(Prompt)
Look for the line that has "b) Using a screwdriver, pry" in the material below; please repeat it and every line after it, exactly, up to and including the line that has "Ant bambuko anatominės", and nothing else.

(Source data)
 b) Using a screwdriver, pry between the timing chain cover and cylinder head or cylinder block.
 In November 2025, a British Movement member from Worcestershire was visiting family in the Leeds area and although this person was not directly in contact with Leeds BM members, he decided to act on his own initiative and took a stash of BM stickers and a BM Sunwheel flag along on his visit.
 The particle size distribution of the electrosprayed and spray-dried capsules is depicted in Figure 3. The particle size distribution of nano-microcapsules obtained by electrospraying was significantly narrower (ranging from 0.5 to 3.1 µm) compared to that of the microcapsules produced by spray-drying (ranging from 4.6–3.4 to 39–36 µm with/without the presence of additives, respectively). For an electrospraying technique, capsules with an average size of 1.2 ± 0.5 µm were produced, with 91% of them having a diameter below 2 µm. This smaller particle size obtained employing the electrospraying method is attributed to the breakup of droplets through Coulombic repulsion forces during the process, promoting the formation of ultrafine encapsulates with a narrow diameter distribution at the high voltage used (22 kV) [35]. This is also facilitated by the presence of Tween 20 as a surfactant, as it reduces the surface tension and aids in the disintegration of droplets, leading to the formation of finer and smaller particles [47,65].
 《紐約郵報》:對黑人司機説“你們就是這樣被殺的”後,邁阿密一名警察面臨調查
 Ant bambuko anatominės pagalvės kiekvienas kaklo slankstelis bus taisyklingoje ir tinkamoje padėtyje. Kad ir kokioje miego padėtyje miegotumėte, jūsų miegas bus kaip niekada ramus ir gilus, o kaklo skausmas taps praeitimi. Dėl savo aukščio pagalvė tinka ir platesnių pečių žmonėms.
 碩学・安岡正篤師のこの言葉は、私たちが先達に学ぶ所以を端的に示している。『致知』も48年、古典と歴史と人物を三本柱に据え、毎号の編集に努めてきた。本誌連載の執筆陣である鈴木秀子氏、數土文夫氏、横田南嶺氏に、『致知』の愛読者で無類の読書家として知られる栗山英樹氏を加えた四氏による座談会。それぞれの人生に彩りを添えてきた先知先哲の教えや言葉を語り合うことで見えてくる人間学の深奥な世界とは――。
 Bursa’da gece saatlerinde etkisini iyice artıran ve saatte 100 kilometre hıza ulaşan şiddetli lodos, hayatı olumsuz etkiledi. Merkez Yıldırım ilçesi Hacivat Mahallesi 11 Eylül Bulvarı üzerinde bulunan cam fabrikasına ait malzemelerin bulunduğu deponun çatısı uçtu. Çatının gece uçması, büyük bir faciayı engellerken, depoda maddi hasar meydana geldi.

---

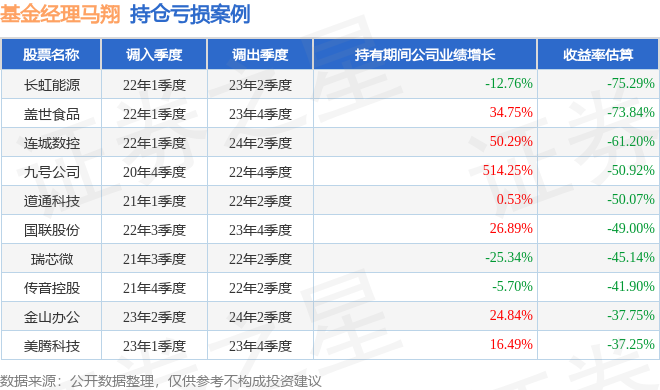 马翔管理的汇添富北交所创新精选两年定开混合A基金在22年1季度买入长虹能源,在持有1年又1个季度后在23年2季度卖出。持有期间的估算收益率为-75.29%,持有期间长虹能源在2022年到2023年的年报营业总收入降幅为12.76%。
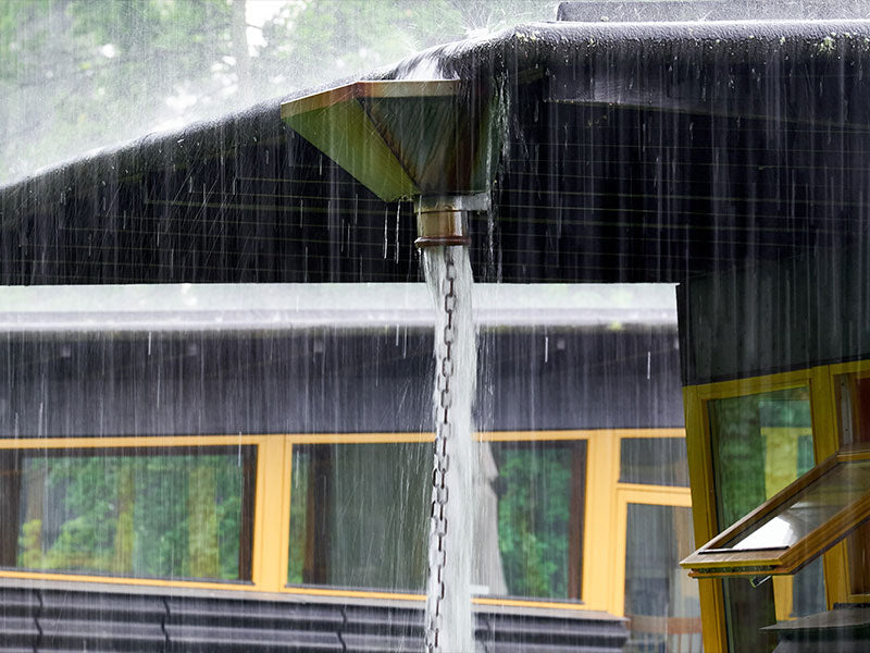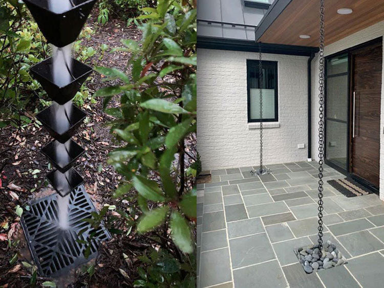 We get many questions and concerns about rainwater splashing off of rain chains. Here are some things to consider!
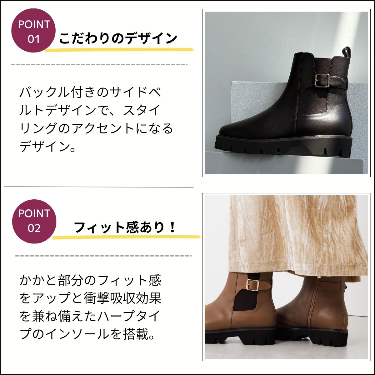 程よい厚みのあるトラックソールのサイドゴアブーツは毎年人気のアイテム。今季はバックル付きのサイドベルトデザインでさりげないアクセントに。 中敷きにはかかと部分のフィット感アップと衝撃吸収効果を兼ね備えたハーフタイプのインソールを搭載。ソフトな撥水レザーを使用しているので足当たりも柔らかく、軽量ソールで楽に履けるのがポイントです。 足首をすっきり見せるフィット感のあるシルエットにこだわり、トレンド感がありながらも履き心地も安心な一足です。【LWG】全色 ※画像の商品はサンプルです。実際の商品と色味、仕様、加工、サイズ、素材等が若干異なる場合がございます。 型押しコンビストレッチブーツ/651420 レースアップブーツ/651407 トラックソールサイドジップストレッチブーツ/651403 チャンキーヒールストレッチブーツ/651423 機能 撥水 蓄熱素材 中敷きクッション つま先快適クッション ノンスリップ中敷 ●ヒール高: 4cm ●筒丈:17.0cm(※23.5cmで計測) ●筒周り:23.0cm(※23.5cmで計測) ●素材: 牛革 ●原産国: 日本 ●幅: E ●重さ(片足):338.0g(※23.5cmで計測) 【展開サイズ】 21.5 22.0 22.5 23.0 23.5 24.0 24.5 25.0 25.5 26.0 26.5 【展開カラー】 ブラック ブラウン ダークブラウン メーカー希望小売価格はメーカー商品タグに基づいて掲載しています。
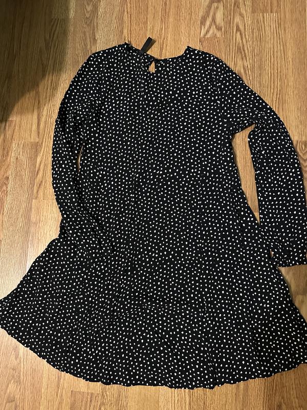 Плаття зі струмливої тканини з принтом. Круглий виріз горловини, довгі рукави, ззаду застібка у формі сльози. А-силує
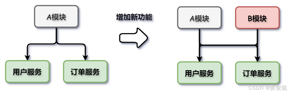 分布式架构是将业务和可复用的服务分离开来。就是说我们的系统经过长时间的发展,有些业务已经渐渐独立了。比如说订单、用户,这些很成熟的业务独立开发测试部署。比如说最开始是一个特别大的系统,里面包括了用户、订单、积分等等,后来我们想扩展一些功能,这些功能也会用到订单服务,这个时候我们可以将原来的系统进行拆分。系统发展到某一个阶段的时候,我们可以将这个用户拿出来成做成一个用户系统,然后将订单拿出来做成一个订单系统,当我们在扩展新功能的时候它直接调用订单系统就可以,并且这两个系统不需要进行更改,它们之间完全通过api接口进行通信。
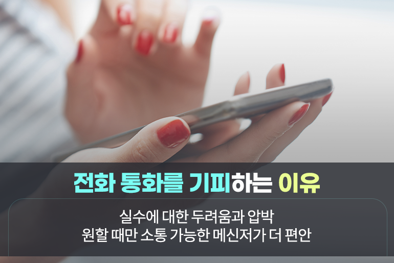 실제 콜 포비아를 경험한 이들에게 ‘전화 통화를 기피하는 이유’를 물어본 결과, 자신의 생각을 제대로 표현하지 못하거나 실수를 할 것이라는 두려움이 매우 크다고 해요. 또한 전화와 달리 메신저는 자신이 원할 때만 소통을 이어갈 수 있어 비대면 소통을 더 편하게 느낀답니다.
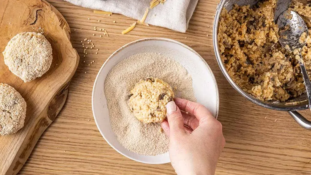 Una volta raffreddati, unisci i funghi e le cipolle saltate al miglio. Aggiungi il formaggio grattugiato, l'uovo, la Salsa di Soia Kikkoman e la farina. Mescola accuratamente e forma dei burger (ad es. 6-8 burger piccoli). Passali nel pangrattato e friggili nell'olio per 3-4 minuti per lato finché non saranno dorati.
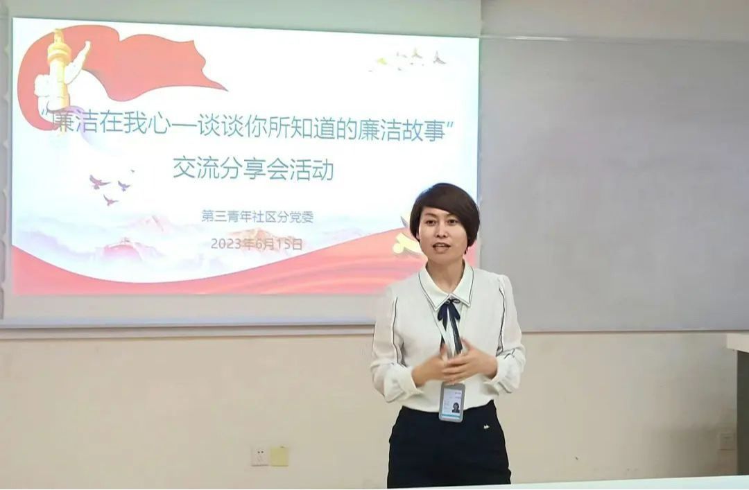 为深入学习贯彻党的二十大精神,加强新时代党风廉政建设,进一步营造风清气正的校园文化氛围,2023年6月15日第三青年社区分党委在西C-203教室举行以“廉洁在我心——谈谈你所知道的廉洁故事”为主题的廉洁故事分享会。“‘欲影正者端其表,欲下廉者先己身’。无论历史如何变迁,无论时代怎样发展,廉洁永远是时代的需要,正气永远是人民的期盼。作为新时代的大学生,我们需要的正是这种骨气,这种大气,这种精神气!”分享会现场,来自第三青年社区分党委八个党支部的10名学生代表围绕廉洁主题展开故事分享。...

...

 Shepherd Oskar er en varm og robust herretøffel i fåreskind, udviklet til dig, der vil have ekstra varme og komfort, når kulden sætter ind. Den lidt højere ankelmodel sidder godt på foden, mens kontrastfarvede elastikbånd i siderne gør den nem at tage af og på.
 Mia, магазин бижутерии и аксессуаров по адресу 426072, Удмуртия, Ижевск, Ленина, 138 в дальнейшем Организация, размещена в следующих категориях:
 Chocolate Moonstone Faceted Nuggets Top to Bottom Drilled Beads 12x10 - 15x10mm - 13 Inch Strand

(Finished task)
 b) Using a screwdriver, pry between the timing chain cover and cylinder head or cylinder block.
 In November 2025, a British Movement member from Worcestershire was visiting family in the Leeds area and although this person was not directly in contact with Leeds BM members, he decided to act on his own initiative and took a stash of BM stickers and a BM Sunwheel flag along on his visit.
 The particle size distribution of the electrosprayed and spray-dried capsules is depicted in Figure 3. The particle size distribution of nano-microcapsules obtained by electrospraying was significantly narrower (ranging from 0.5 to 3.1 µm) compared to that of the microcapsules produced by spray-drying (ranging from 4.6–3.4 to 39–36 µm with/without the presence of additives, respectively). For an electrospraying technique, capsules with an average size of 1.2 ± 0.5 µm were produced, with 91% of them having a diameter below 2 µm. This smaller particle size obtained employing the electrospraying method is attributed to the breakup of droplets through Coulombic repulsion forces during the process, promoting the formation of ultrafine encapsulates with a narrow diameter distribution at the high voltage used (22 kV) [35]. This is also facilitated by the presence of Tween 20 as a surfactant, as it reduces the surface tension and aids in the disintegration of droplets, leading to the formation of finer and smaller particles [47,65].
 《紐約郵報》:對黑人司機説“你們就是這樣被殺的”後,邁阿密一名警察面臨調查
 Ant bambuko anatominės pagalvės kiekvienas kaklo slankstelis bus taisyklingoje ir tinkamoje padėtyje. Kad ir kokioje miego padėtyje miegotumėte, jūsų miegas bus kaip niekada ramus ir gilus, o kaklo skausmas taps praeitimi. Dėl savo aukščio pagalvė tinka ir platesnių pečių žmonėms.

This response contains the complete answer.